*Problem to solve*.
Transcribe all of the data exactly. Images stay out.

*Data*.
[Start of Attachment]

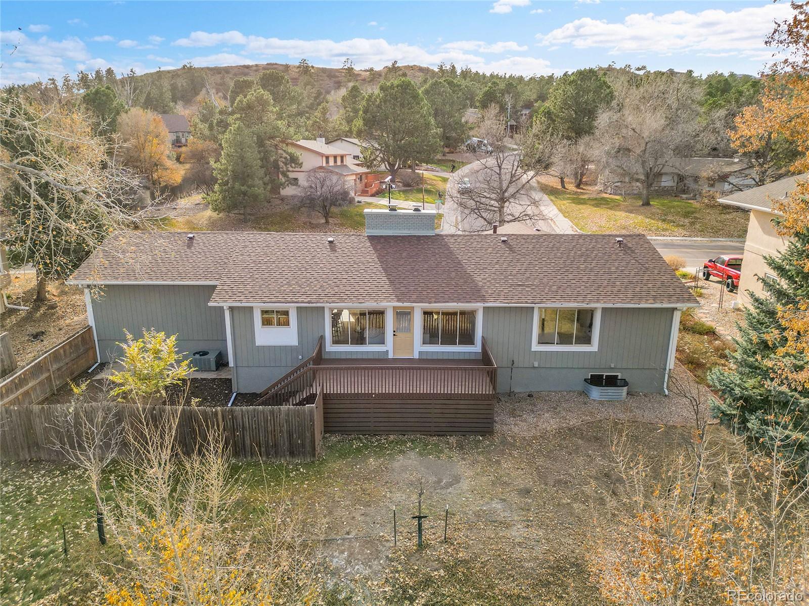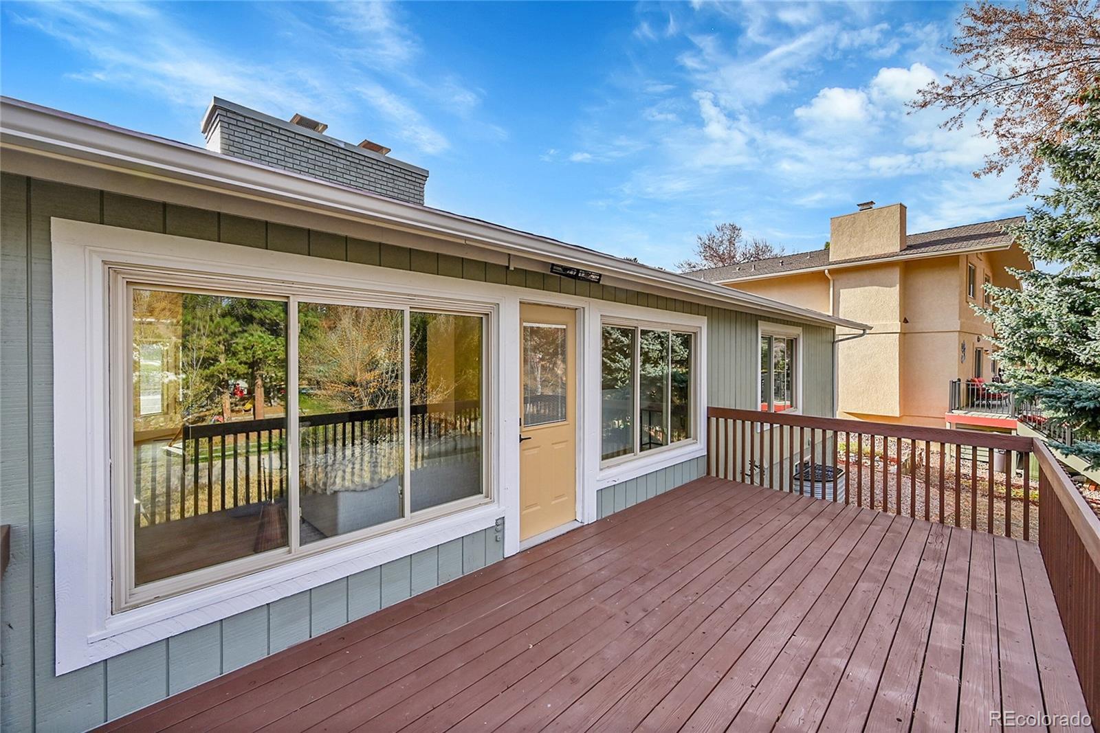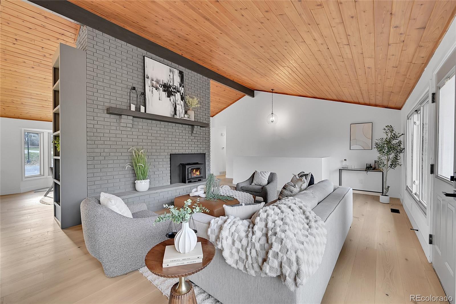In the heart of Rockrimmon, this updated home blends architectural character with modern design. The entry opens to a vaulted great room with exposed beams, and wide-plank engineered wood floors. A dual-sided brick wall separates the entry and living space, featuring a fireplace on one side and a wood-burning stove on the other. The open floor plan connects the great room, living room, dining area, and a gourmet kitchen with a six-burner gas range, quartz countertops, custom cabinetry and tilework — perfect for gatherings or everyday living. Three bedrooms and two baths are on the main level, including a private primary suite with attached bath. The finished basement adds a fourth bedroom, full bath, laundry, and spacious family room. Outside, enjoy the wood deck, mature trees, and a fully enclosed section ideal for pets or outdoor living. The oversized garage provides extra storage and parking. Close to trails, shopping, and D-20 schools. Updates Include: New roof, electrical panel, engineered hardwood flooring, carpet, kitchen cabinets, quartz counters, tile backsplash, appliances, interior and exterior paint, bath tile and vanities, plumbing fixtures, electrical fixtures, doors, and trim. All information deemed reliable but not guaranteed. Buyer and buyer’s agent to verify.
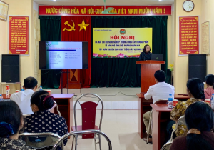 Báo cáo viên Nguyễn Thị Thu Nga, cán bộ Trung tâm cung ứng dịch vụ sự nghiệp công phường Nhân Hòa truyền đạt tại lớp tập huấn.
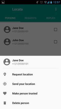 In the app you can give some persons a trusted status. In this case they can receive your location in auto-reply mode. As soon as a trusted person send you a location request the Locata app commit reply with your current coordinates by itself. This feature is particularly useful, for example, when you need to monitor the whereabouts of children or relatives, and when you don't want to disturb them. Automatic response to the request will be performed, even if incoming message sounds are turned off.
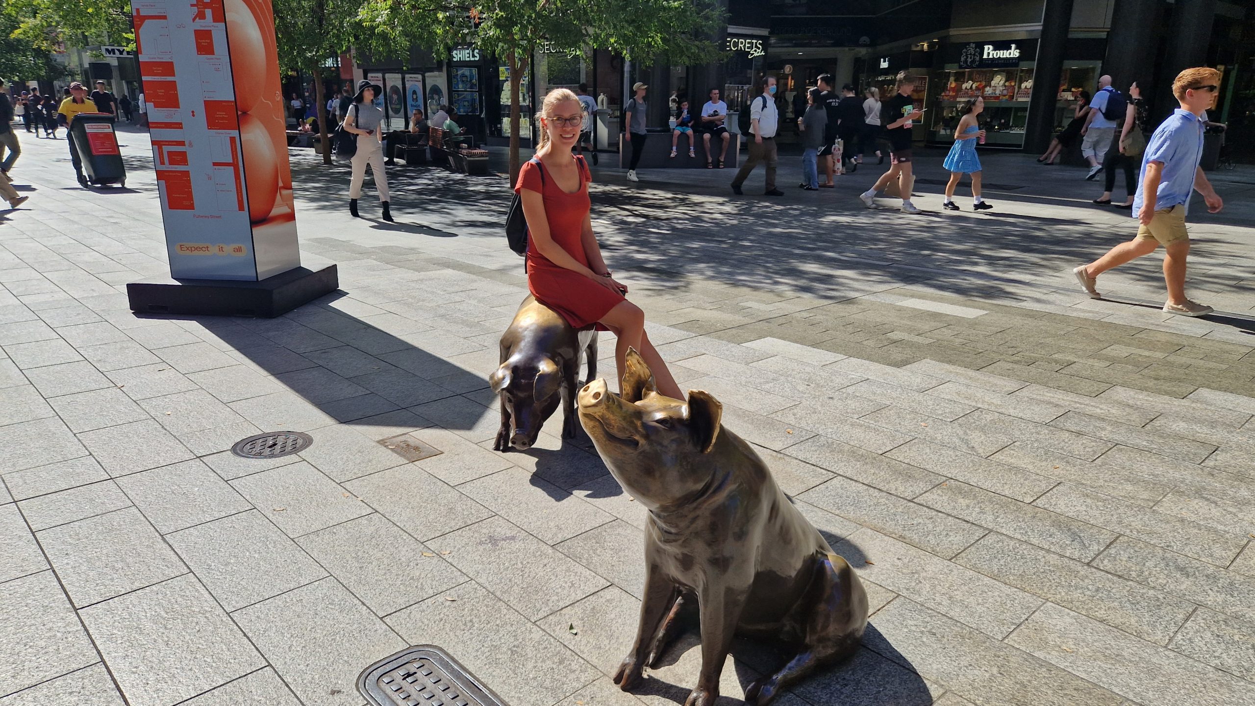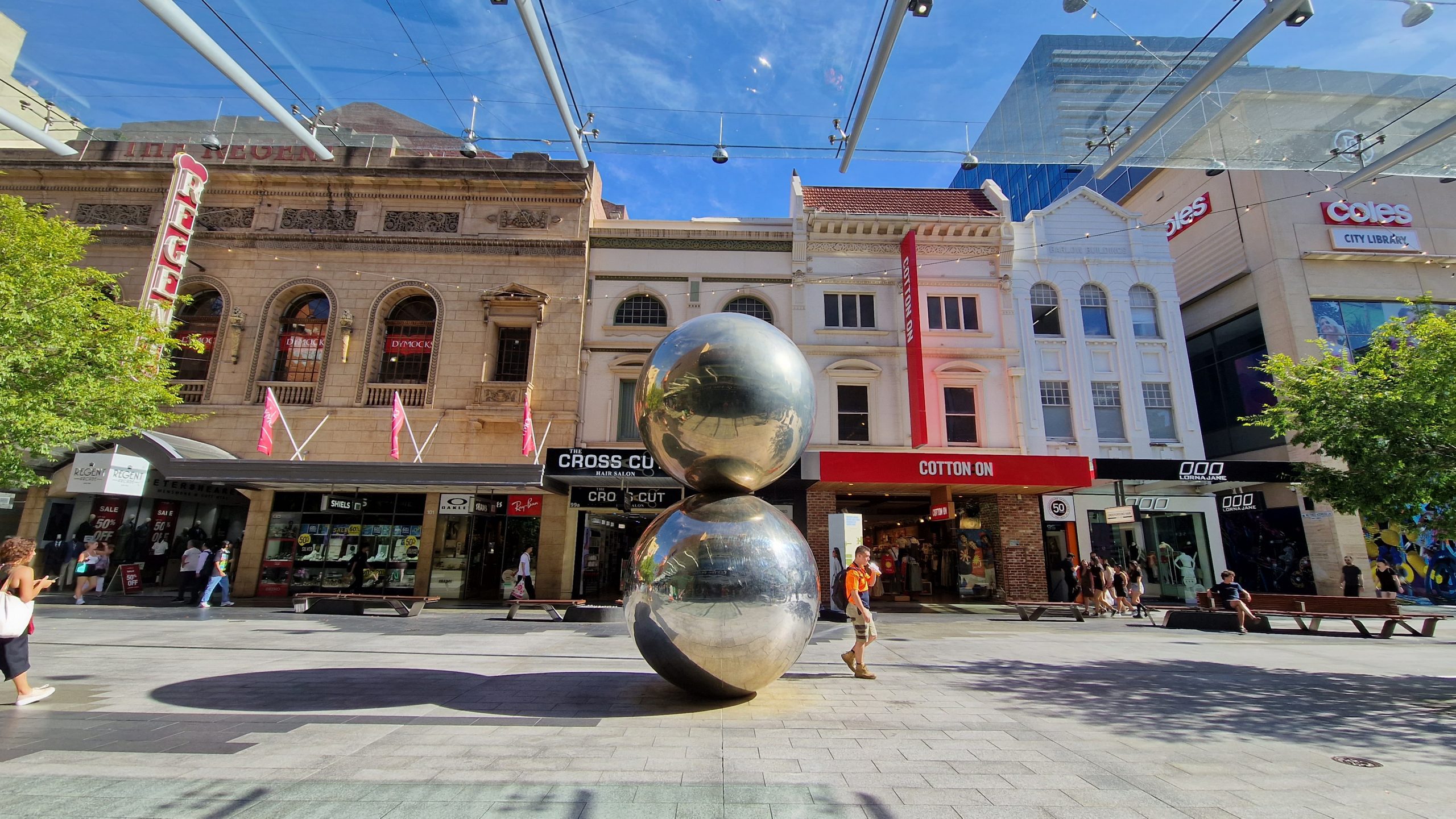 Der Central Market ist ziemlich groß. Man kann leicht ein bis zwei Stunden dort verbringen und die Auslagen bewundern. Wir essen Kuchen und kaufen ein bisschen frisches Gemüse. Die beiden größten Innenstadt-Supermärkte befinden sich aber in der Rundle Mall. Der Name ist irreführend, die Mall ist kein Gebäude, sondern gleicht eher einer typischen Fußgängerzone. Verglichen mit der sonst recht ruhigen Stadt, ist hier immer was los.

[End of Attachment]

*Response to this exercise*.
In the heart of Rockrimmon, this updated home blends architectural character with modern design. The entry opens to a vaulted great room with exposed beams, and wide-plank engineered wood floors. A dual-sided brick wall separates the entry and living space, featuring a fireplace on one side and a wood-burning stove on the other. The open floor plan connects the great room, living room, dining area, and a gourmet kitchen with a six-burner gas range, quartz countertops, custom cabinetry and tilework — perfect for gatherings or everyday living. Three bedrooms and two baths are on the main level, including a private primary suite with attached bath. The finished basement adds a fourth bedroom, full bath, laundry, and spacious family room. Outside, enjoy the wood deck, mature trees, and a fully enclosed section ideal for pets or outdoor living. The oversized garage provides extra storage and parking. Close to trails, shopping, and D-20 schools. Updates Include: New roof, electrical panel, engineered hardwood flooring, carpet, kitchen cabinets, quartz counters, tile backsplash, appliances, interior and exterior paint, bath tile and vanities, plumbing fixtures, electrical fixtures, doors, and trim. All information deemed reliable but not guaranteed. Buyer and buyer’s agent to verify.
 Báo cáo viên Nguyễn Thị Thu Nga, cán bộ Trung tâm cung ứng dịch vụ sự nghiệp công phường Nhân Hòa truyền đạt tại lớp tập huấn.
 In the app you can give some persons a trusted status. In this case they can receive your location in auto-reply mode. As soon as a trusted person send you a location request the Locata app commit reply with your current coordinates by itself. This feature is particularly useful, for example, when you need to monitor the whereabouts of children or relatives, and when you don't want to disturb them. Automatic response to the request will be performed, even if incoming message sounds are turned off.
 Der Central Market ist ziemlich groß. Man kann leicht ein bis zwei Stunden dort verbringen und die Auslagen bewundern. Wir essen Kuchen und kaufen ein bisschen frisches Gemüse. Die beiden größten Innenstadt-Supermärkte befinden sich aber in der Rundle Mall. Der Name ist irreführend, die Mall ist kein Gebäude, sondern gleicht eher einer typischen Fußgängerzone. Verglichen mit der sonst recht ruhigen Stadt, ist hier immer was los.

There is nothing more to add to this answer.